Bug #37489
openRGW does not use SHA-NI extensions if available, could reduce CPU usage by ~66%
0%
Description
The S3 protocol requires to calculate the SHA256 hash of the whole file for multi-part uploads, this is currently implemented with libnss.
The libnss SHA256 implementation does not support SHA-NI and is therefore somewhat slow (~100 MB/s), this leads to unnecessarily high CPU usage if large amounts of data are to be uploaded. I've profiled rgw and it spents around 70% of the CPU time in the SHA256 implementation in libnss.
(Note that this is completely independent from TLS which is not the bottleneck, any modern setup uses a fast AEAD cipher suite; it's just the content hash in the S3 protocol)

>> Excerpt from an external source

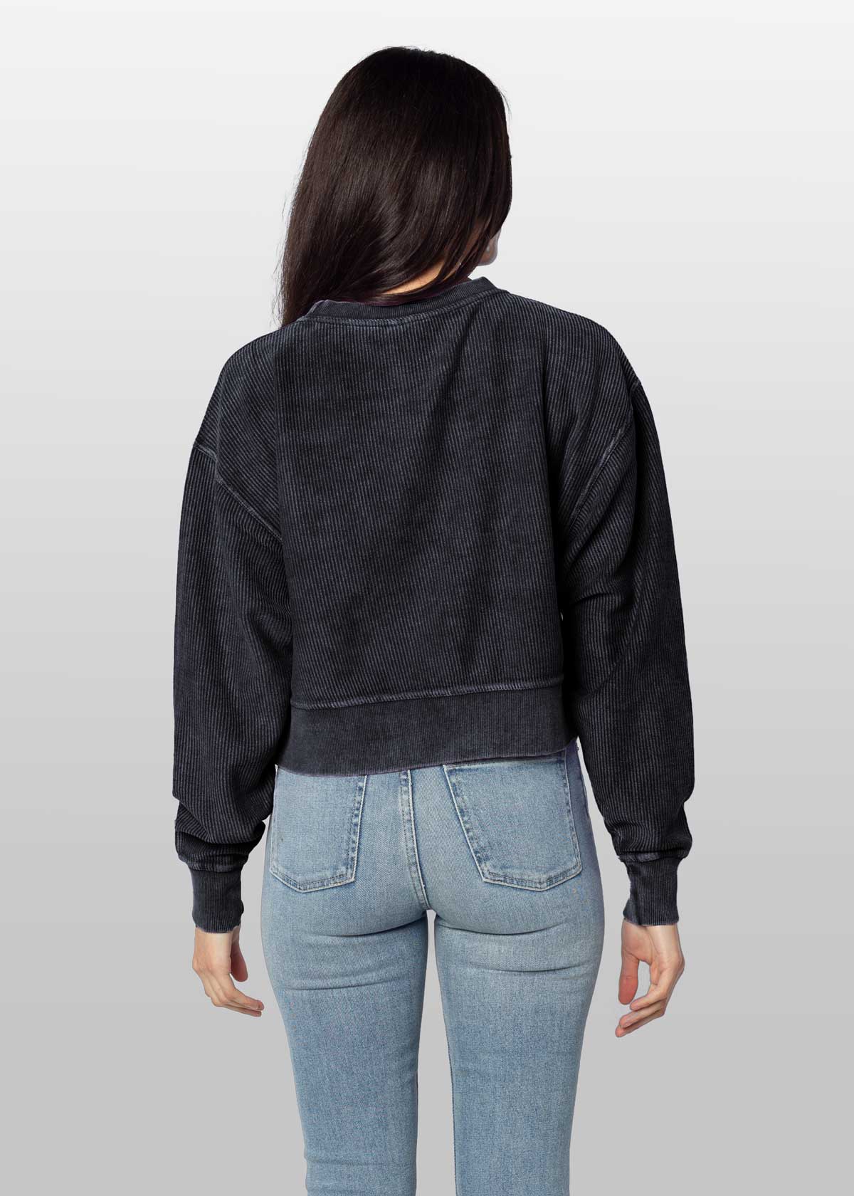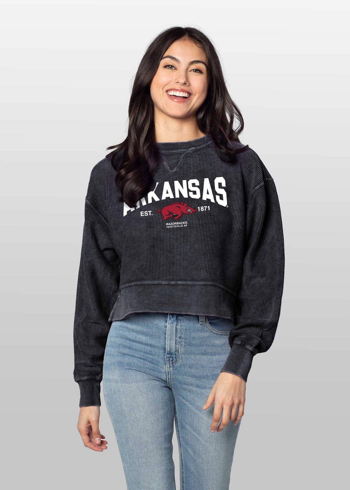 An update to our best seller! Arkansas Razorbacks oversized sweatshirt with a super soft vintage wash corded fabric. Shorter cropped, feminine silhouette features a ribbed neckline, cuff and hemline.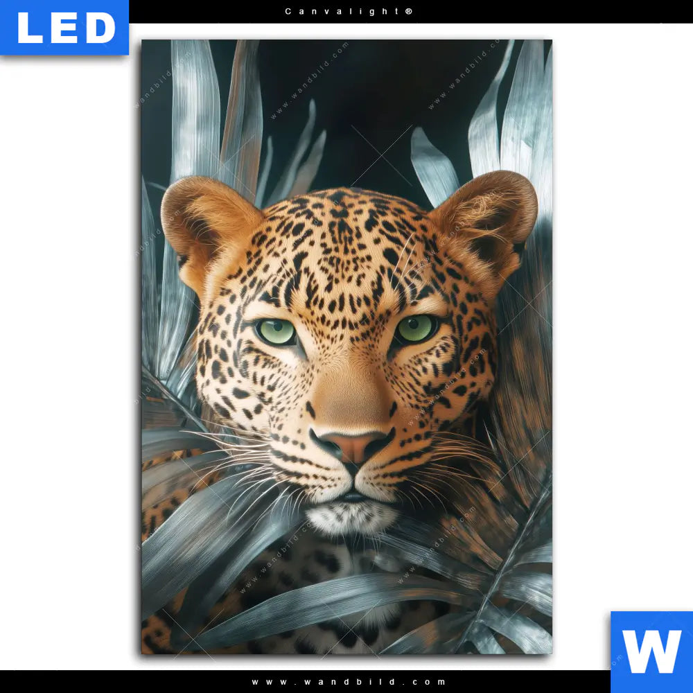 Canvalight® Leuchtbild | Leopard zwischen Blättern | Hochformat

An implementation using SHA-NI requires only 2 cycles/byte (we got 1500 MB/s on a 3GHz CPU), i.e., we could probably reduce the CPU usage by about a factor of 3 for the same throughput (cut 70% SHA256 to ~5% plus same 30% for other stuff).
The proper fix would be to implement this in nss, but that would probably take about one eternity until it shows up in your distribution's libnss. A good C++ implementation of sha256 with the necessary optimizations can be found in Botan.
Related: what's the current state of CPU feature detection in Ceph? I can remember that there were some problems with ARM64 in the past.
Updated by Matt Benjamin over 5 years ago
The lack of acceleration in libnss has been called out in other areas as well. The TLS support in the new boost::asio HTTP front-end is via openssl.
Matt
Updated by Matt Benjamin over 5 years ago
Oh, Botan has a Blake2b implementation as well, among other things.
Matt
Updated by Paul Emmerich over 5 years ago
Botan seems really nice compared to libnss for crypto in C++
Updated by Casey Bodley over 5 years ago
- Status changed from New to 12
- Assignee set to Matt Benjamin